6. We're faced with a choice between two unknown futures, or possibly more:
Brexit would quite probably lead to the break up of the UK, the EU and the Conservative party, which would be a dismal legacy for David Cameron to leave. It would also be a mess, as none of our main political parties are advocating it, so who on earth would lead the process? The NHS and social care sector would be decimated (though you could rightly argue we should never have become so dependent on imported labour in the first place, especially as most of the donor countries have much greater health needs than ours).
Remaining in an EU which increases in size, power and economic influence by the year (ask the Greeks) isn't risk-free either. The project isn't working that well - the Euro has exacerbated the strain on poorer countries, and the rise of the far-right in many countries is a sign that people feel powerless. Whilst some parts are delivering (I'm thankful on a daily basis for the EU-wide food labelling laws that make it safe to go shopping for my coeliac daughter), others are not, particularly for the poor. If Bremain wins, it will be narrowly - taken as a warning sign and an impetus for reform that would be a good thing for the EU, taken as a blank cheque it would be very dangerous. Choose your spin, choose your future.
If we do stay in, we are going to have to take the free movement of people much more seriously: with better efforts at integration, and honesty and good planning for the 300,000 net addition to the population we will get for the next few years. Politicians need to get their fingers out of their ears and stop going 'la-la-la' - yes we get benefits from immigration, and plenty of them. But we can't deal with 300,000 addition to the population each year the same way we dealt with 30,000, and we need a fuller vision of the human person than the EU's freely moving worker.

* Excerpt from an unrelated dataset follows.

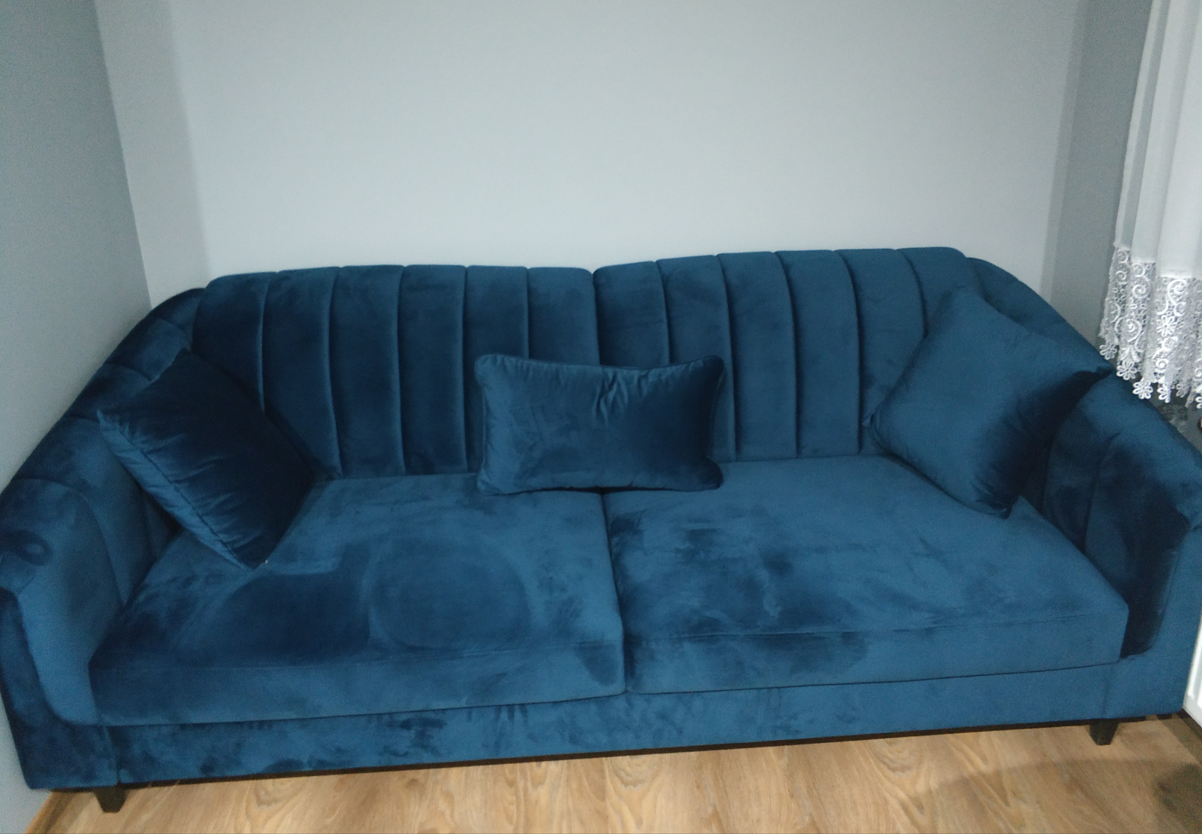 Wiecie co.. Wczoraj zauwazylismy ze zlamala sie deska w naszym narozniku i dobrze ze M zobaczyl bo czasem którejś pięknej nocy wpadlby do pojemnika na posciel. I tym sposobem musielismy kupic nowe lozko ale wzielismy tym razem sofe ma wieksza powierzchnię spania jak nasz naroznik i zajmuje mniej miejsca.

7. David Cameron has dug his own grave. Having won an election on the basis that he wanted us to stay in a 'reformed EU', he hasn't won the reforms he wanted, and is now expecting us to believe that leaving the EU would unleash the Apocalypse. If it was that bad, he should never have offered a referendum in the process. As the main spokesman for Bremain, it is impossible to take his words seriously. Meanwhile Jeremy Corbyn is compromised by his own historic opposition to the EU, and the media fascination with internal Tory politics which means they don't report what Labour, Libdem or Green politicians have to say. We are not hearing the best arguments, and we are not hearing them through the best people. Come back Nick Clegg, all is forgiven.
Does the Bible tell us how to vote on the 23rd? No. And neither will I. But it does tell us to act in love not fear, welcome others as Christ welcomed us, act unselfishly, resist human attempts to replace God with any other absolute claim to loyalty (national or international), and to pray for those in government.
God of truth,
give us grace to debate the issues in this referendum
with honesty and openness.
Give generosity to those who seek to form opinion
and discernment to those who vote,
that our nation may prosper
and that with all the peoples of Europe
we may work for peace and the common good;
for the sake of Jesus Christ our Lord.